Поэтому старый каштелян, который пришёл туда с ним и рассчитывал на поддержку молодого воеводы, разочаровался.
Добеслав из Курозвек взял колпак и собрался уезжать, а беспокойный хозяин пошёл его проводить, еще по дороге рекомендуя ему быть очень бдительным. Только вернувшись, он обратился к своему молчаливому гостю.
Ясько из Тенчина возобновил разговор о Ягайлле, с сильным волнением приобщая Спытка, который слушал, не отрицал, и однако горячей этим заинтересоваться не хотел.
– Господин мой, – сказал он наконец, – я молод и, может, мой возраст виновен в то, что не умею смотреть в отдалённое будущее, а занимаюсь тем, что есть тут передо мной. Вы, отцы, советуетесь о будущем, наше дело – не дать его вырвать у себя таким вот Семко.
При воспоминании о князе Мазовецком его лицо налилось кровью.
– Я не понимаю, каштелян, почему вы не разделяете моего возмущения против этого насилия, какое хотят нам уяинить, вы, что сами из его рук корону вырвали, – начал снова Спытек. – Семко, это правление неотёсанной мелкой великопольской шляхты – это тирания над нами. В его жилах отцовская кровь, он будет диким, как он.

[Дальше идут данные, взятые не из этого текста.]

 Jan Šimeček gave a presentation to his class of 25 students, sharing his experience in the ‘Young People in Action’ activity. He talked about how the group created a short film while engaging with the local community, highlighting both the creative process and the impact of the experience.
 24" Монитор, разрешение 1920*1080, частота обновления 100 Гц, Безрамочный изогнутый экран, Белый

– Но на самом деле нет опасения, – отвечал Ясько, – что нам его навяжут…
– Мы должны быть начеку! – воскликнул упрямый Спытек.
Не в силах больше повлиять на него, Ясько из Тенчина, поручив хранить тайну, попрощался с разгорячённым.
Чуть только тот отъехал от двери, когда Спытек, накинув лёгкое верхнее платье и надев шапочку с пером, с маленьким мечиком, сел на лошадь, которую ему подали. Никому не приказал сопровождать себя и живо пустился в город. Улицы в этот прекрасный майский день кишели народом, который и из окрестностей наплывал, и, казалось, в самом городе был вытянут из домов солнечным теплом.
Особенно Гродская и Флорианская улицы, рынок, Сукенницы были полны челяди, мещан, купцов, торговцев, повозок и всадников.
Это не была мирная жизнь обычных дней, когда особенно все заботятся о хлебе насущном и им заняты; в толпе можно было увидеть наполовину вооружённных, несущих доспехи и мечи людей, которые спешили с ними к Флорианским воротам, либо бежали домой.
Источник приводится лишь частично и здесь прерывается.